Parliamo quindi di una saga familiare, quindi, della famiglia di Goldaman. Si chiama "Il libro dei Baltimore" solo perché il nonno del nostro scrittore protagonista ha due figli, uno vive a Montclair vicino New York e l'altro vive a Baltimora. Entrambi si sono fatti strada nella vita e hanno una moglie e un figlio. I due ragazzi sono praticamente coetanei e le due famiglie hanno però una vita decisamente diversa. Saul, lo zio di Baltimora, ha successo come avvocato, vive con tutti gli agi di una classe privilegiata cosa che non succede al ramo di Montclair. La storia inizia quando lo scrittore comincia a rivangare il passato partendo dalla sua infanzia. Inutile dire che già dalle prime pagine si intuisce dove vada a parare, senza che io ve lo scriva, solo pensando a due famiglie dello stesso ramo che vivono realtà completamente distinte e che si incontrano per le feste comandate ogni anno.
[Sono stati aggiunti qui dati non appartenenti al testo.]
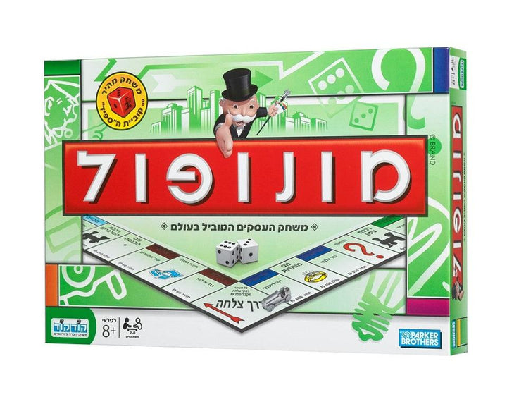 המשחק מכיל לוח, 10 כלי מתכת (2 חלקי חילוף), שטרי קניין (רחובות, תחנות רכבת, חברות מים וחשמל), קלפי מזל, שטרות כסף מונופול, בתים, בתי מלון ו-2 קוביות.
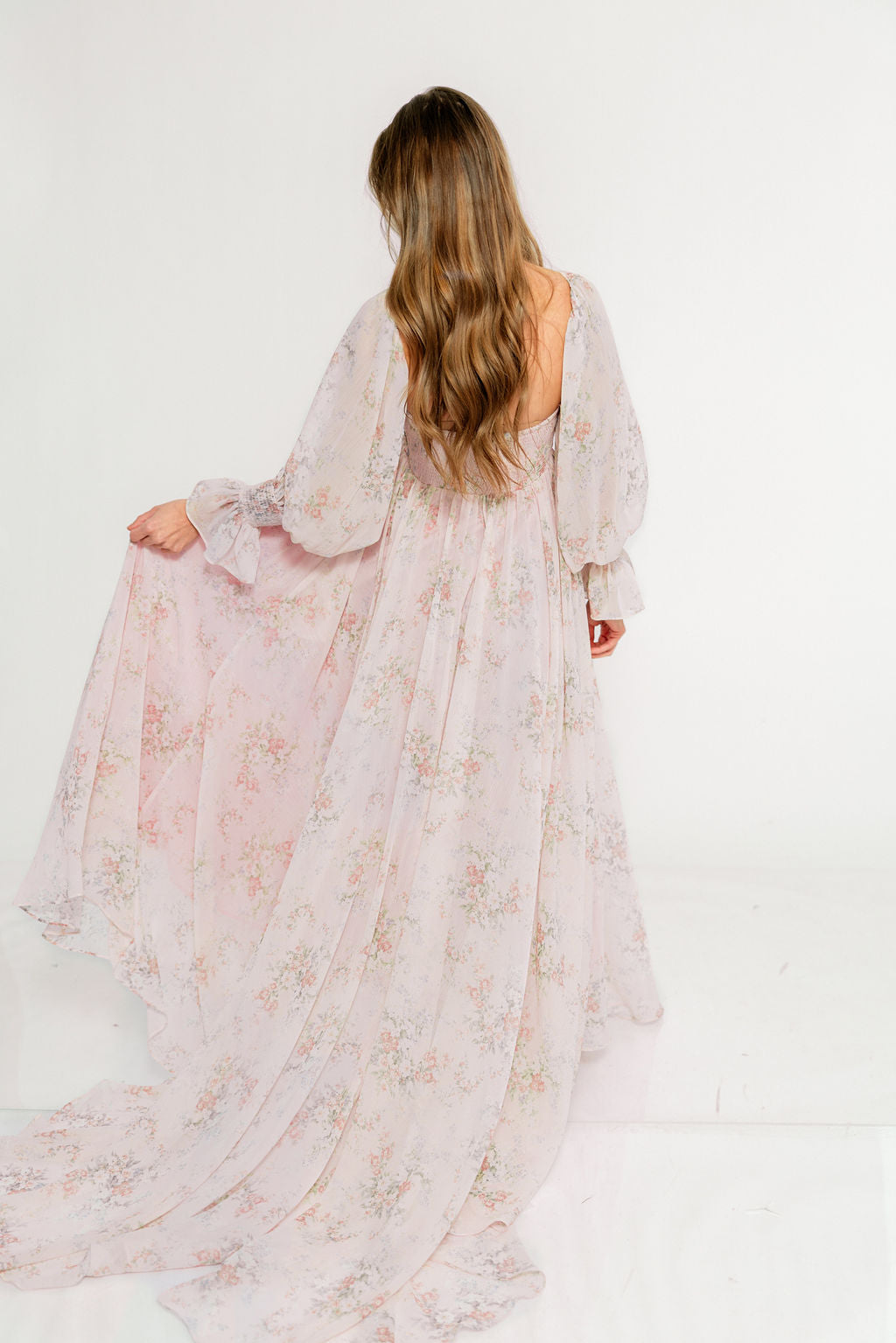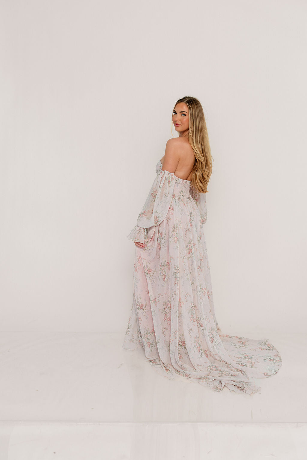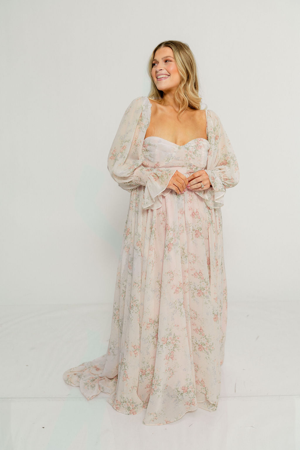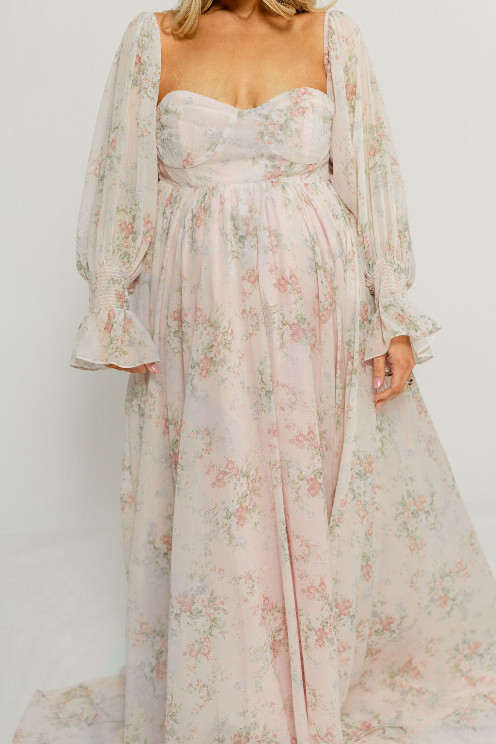 Delilah Maxi Dress with Train in Muted Blush Floral - Bump Friendly
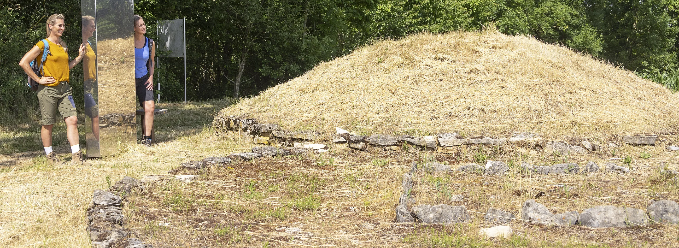 Die fünf hier wieder aufgebauten Grabhügel bildeten zur späten Hallstattzeit (zm 500 v.Chr.) das Zentrum eines größeren Grabhügelfeldes. Die Steinkreise der Grabhügel waren in unterschiedlicher Bauweise errichtet. Die Trockenmauer bestand aus flach übereinandergelegten Steinplatten, aus senkrecht in den Boden gesetzten Kalksteinen oder einer Mischung beider Bauarten.

E infatti una storia che già nasce un un cliché grosso come una casa, deve minimizzare questo difetto con altri interventi, avrà pensato Dicker, e ce l'ha messa proprio tutta, non ha tagliato nulla, proprio per rendere la storia piena zeppa di eventi, per la maggior parte inutili. Quindi improvvisamente il cliché trasforma la trama grazie al numero elevatissimo di eventi in una storia da soap opera americana. Devi parlare di una cosa occorsa 5 anni prima e che fai? Non racconti la storia di tutti i protagonisti minuto per minuto? Magari anche quella dei vicini e dei vicini dei vicini? Ecco quello che c'è. Storie su storie, tanto che, a pagina 300 è come se tu ancora non avessi iniziato a leggere. La tempistica così confusa, fra presente narrativo e passato, trapassato, passato prossimo è così disarticolata e confusa che ad un certo punto ti rendi conto che, a tre quarti de romanzo, il presente narrativo non è così presente, ma è anch'esso passato, non si sa da quanto, ma lo è. E allora torni indietro nel pensiero di aver perso qualche informazione importante che è inutile cercare perché non c'è.
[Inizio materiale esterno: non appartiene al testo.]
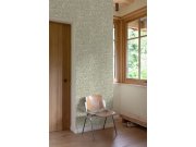 Flis tapeta s vinilnom površinom, bijela štuk podloga, motivi livadskih trava i listova u nijansama zelene i metalno zlatne.
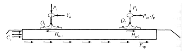 Рисунок 2.6 Расчетная схема определения поперечной устойчивости пути: Р1 и Р2 – нагрузка от колес на рельсы; Yб – боковая сила; Q1 и Q2 – давление рельсов к шпалу; Нш-1 и Нш-2 – поперечные силы, действующие на шпалу от двух рельсов; С0 – сопротивление смещению шпалы; Fтр – сила трения шпалы по балласту; fр – коэффициент трения скольжения колеса по рельсу[3].
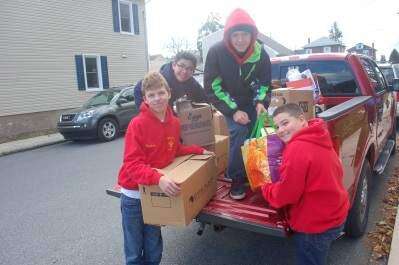 Scouting for Food Tweet Published December 01. 2015 11:00PM by The Press Scouts Alfonso Kasper, Jesse Nichol, Zach Schultz and Sam Millheim unload boxes of food that will help restock the shelves. Food was collected from residents in the borough, Stiles and Fox Hollow (North Coplay).
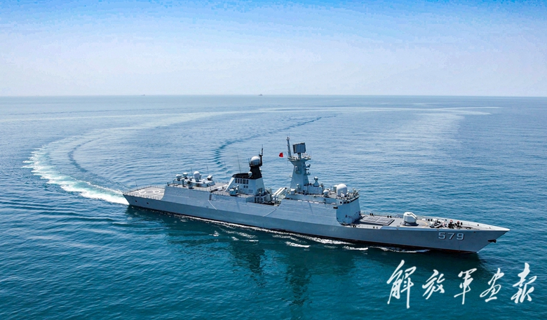 波光粼粼的海面上,海軍某驅(qū)逐艦支隊(duì)邯鄲艦快速向任務(wù)海域航渡。
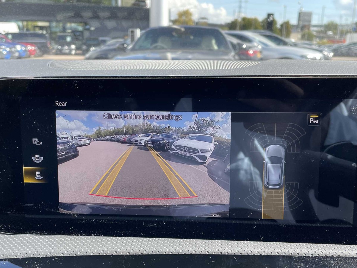 Key highlights of this model include its premium interior trim with black leather, a panoramic sliding sunroof, a 10.25-inch digital instrument cluster, heated front seats, and a high-spec MBUX multimedia system with satellite navigation and smartphone integration. Safety features include multiple airbags, ISOFIX child seat fixings, and active parking assist.
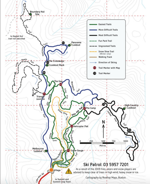 绿道:17%(拥有维州最长绿道,2.2公里);蓝道:60%(“渐进完美”地形);黑道:23%(陡峭雪深树林迷宫)
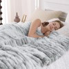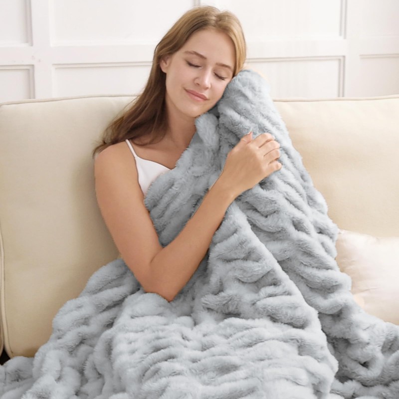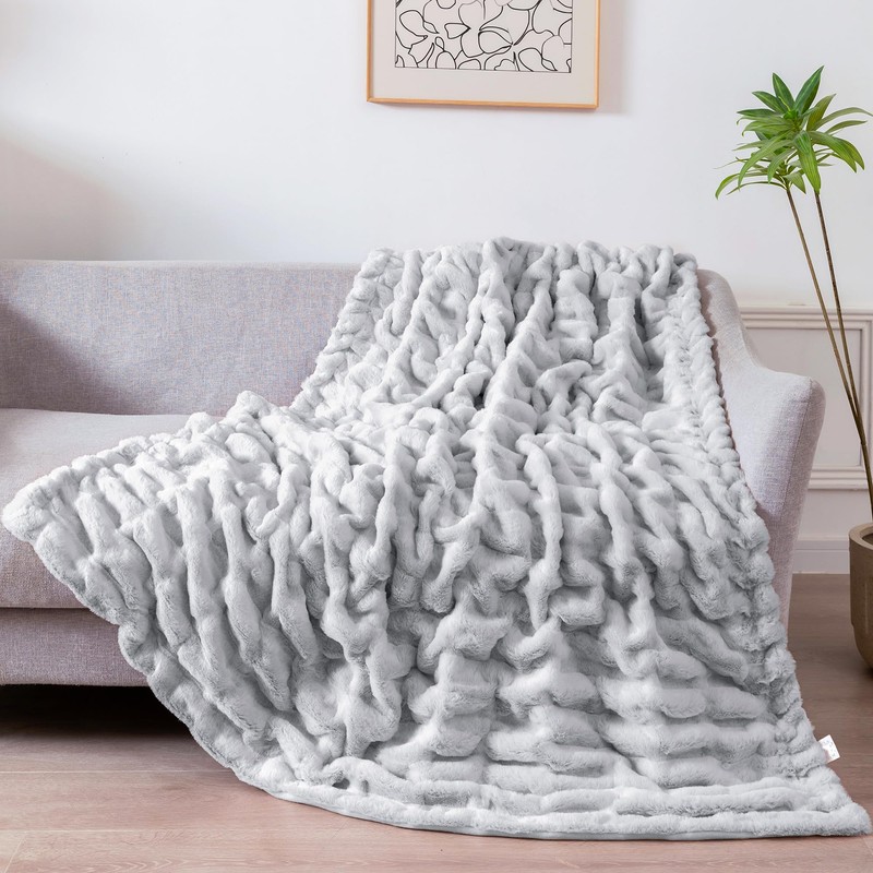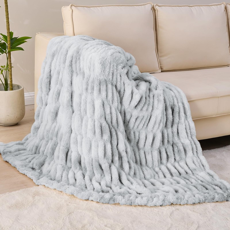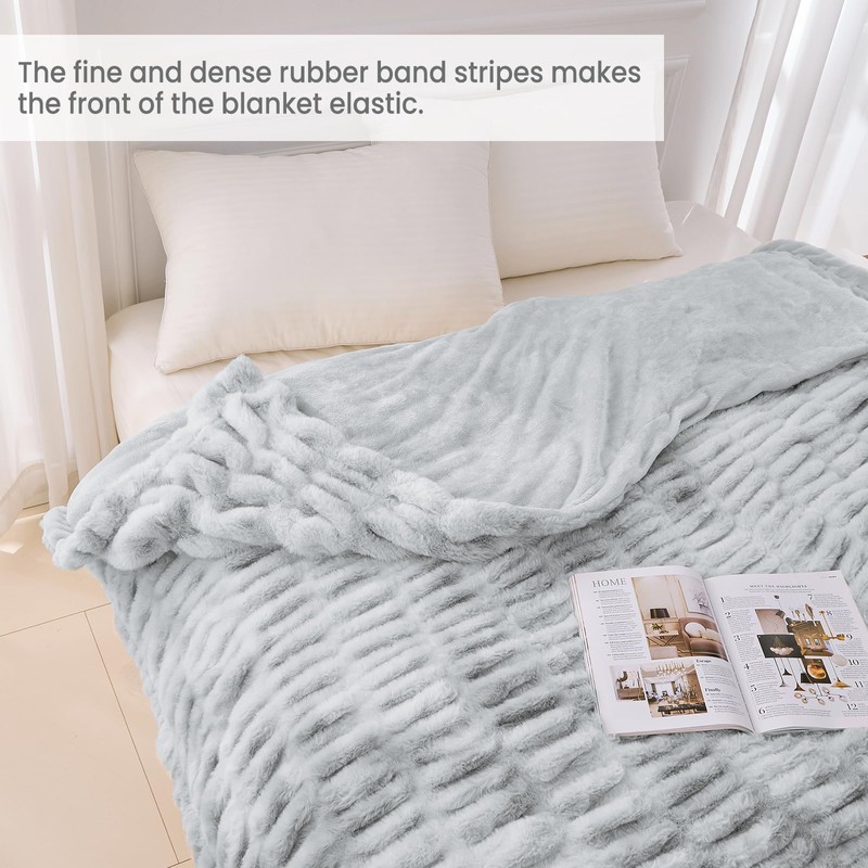 - Double-Sided Faux Fur Blanket: High-grade striped rabbit faux fur face design in light grey color, makes this throw blanket feel warmer and bright. The skin-friendly flannel fleece fabric in reverse gives you a more cozy feeling.

Non ci sono anche tante altre cose:
✓ Non c'è suspence. Troppe chiacchiere e una gestione sbagliata delle situazioni, che concentra tutti gli eventi chiave in un unico punto del libro, fanno sì che quando arriva questa maledetta e fantomatica "Grande tragedia" quasi non te ne accorgeresti, perché è stata preceduta da altre tragedie e non si capisce perché le altre debbano essere da meno.
✓ Non è capace a creare mistero o a lasciare gli indizi. Se non lo sai fare, è inutile impuntarsi ancora. Per Dicker l'indizio è facoltativo oppure semplicemente non ti dice nulla per poi farti la sorpresa. Quest'ultimo metodo usato da lui continuamente e in maniera decisamente superficiale da quello strano effetto "nonsapevichemetterci" che non è proprio il massimo del successo per uno scrittore.
✓ L'effetto, che io chiamo, "L'amore bugiardo". Nonostante pure la Flynn sia stata più che contestata con questo libro che molti hanno amato come molti altri hanno odiato, un merito glielo devo riconoscere: ha saputo gestire la visione di lei con quella di lui e quindi la costruzione e la successiva distinzione fra bugia e verità è sostanzialmente ben definita. Qui è impossibile gestirla così; ci ha provato ad un certo punto ha tentato di separare le due verità, quella del percepito e quella della realtà dei fatti, ma la perizia della Flynn, di evidenziare fatti e situazioni ben definite, qui è impossibile semplicemente perché ci sono troppi fatti. L'effetto che ne viene fuori è quarantenne grande, grosso e mammalucco.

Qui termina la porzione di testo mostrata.